Expanding on my comment, the simplest predictive model would be to just compute the conversion rates Pr(conversion | action) for each action {A,B,C,D, ... }.
A solution in R:
library(dplyr)
library(tidyr)
set.seed(100) # for reproducibility
action <- sample(letters[1:5], 100, replace = TRUE) # dummy up sales actions (independent variable)
converted <- as.logical(rbinom(100, 1, prob = .5)) # dummy up physician conversion (dependent variable)
(df <- data.frame(action = action, converted = converted))

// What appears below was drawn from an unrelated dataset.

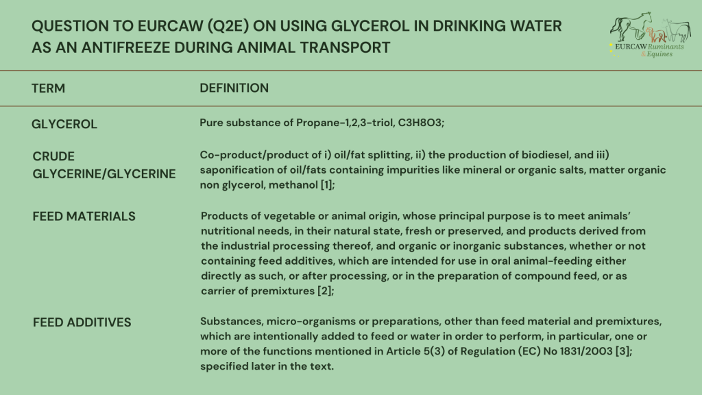 New ‘Question to EURCAW’ (Q2E) response on using glycerol in drinking water as an antifreeze during animal transport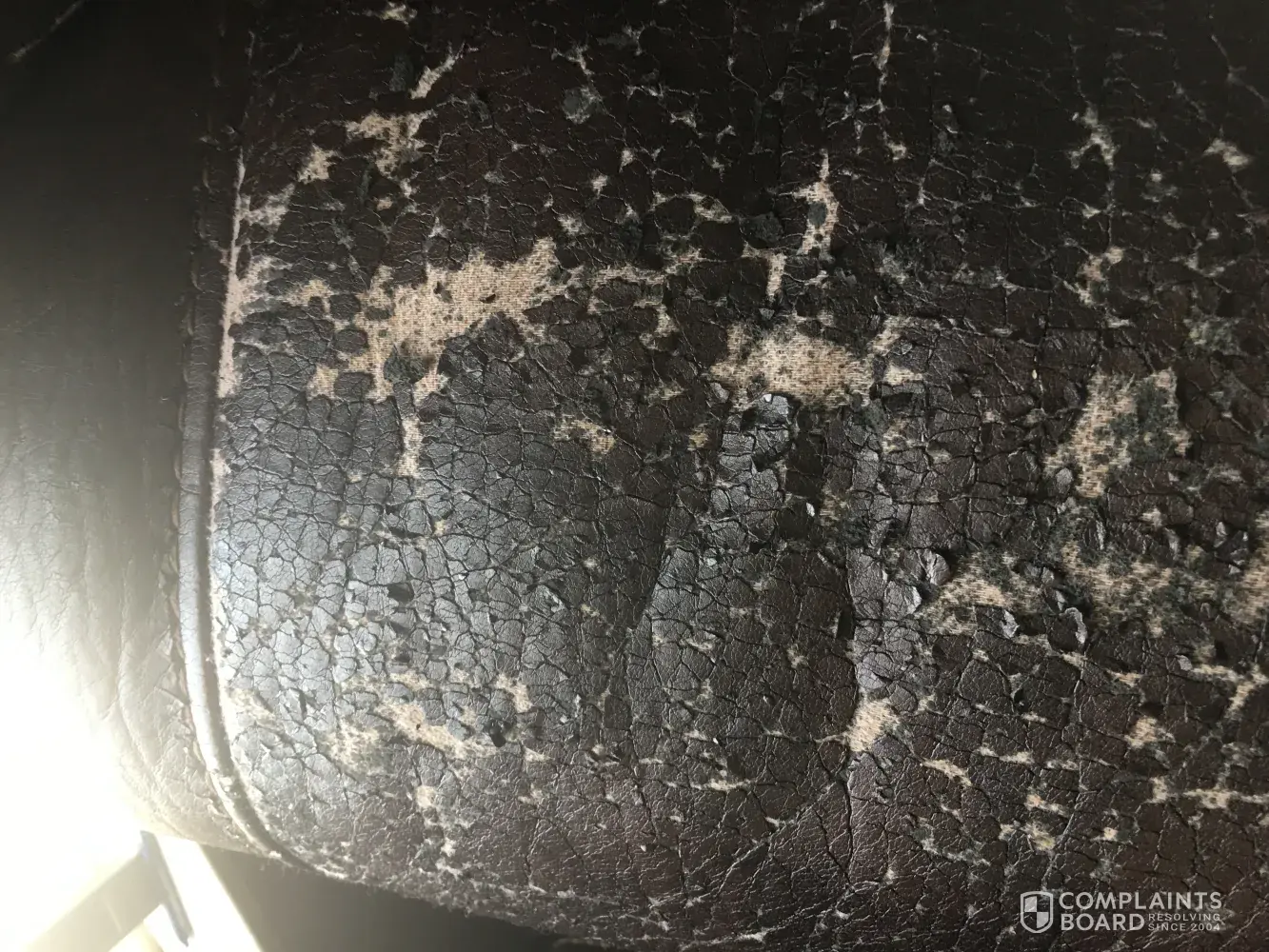 I purchased leather catnapper recliner sofa and love seat from Grand home furnishings. The fake leather material used is coming off the seat area and back area. Has anyone else ran into this problem? It's still a comfortable chair but tired of cleaning up small pieces of fake leather.

# Compute conversion rates for each action
conv_df <- df %>%
group_by(action, converted) %>% # unique combinations of action by converted
summarize(freq = n()) %>% # compute freq of unique combinations
spread(converted, freq) %>% # spread rows to cols
mutate(rate = `TRUE`/sum(`TRUE`,`FALSE`)) # compute conversion rate
conv_df[order(-conv_df$rate),] #reverse sort
##Source: local data frame [5 x 4]
##Groups: action [5]
##
## action FALSE TRUE rate
## (fctr) (int) (int) (dbl)
##1 d 8 13 0.6190476
##2 e 7 11 0.6111111
##3 a 5 6 0.5454545
##4 c 13 10 0.4347826
##5 b 17 10 0.3703704
The solution above assumes the application is to be some sort of guide for sales reps... if you are wanting to model the distribution of actions in sales contexts, you would need to compute the prevalence of each action as well.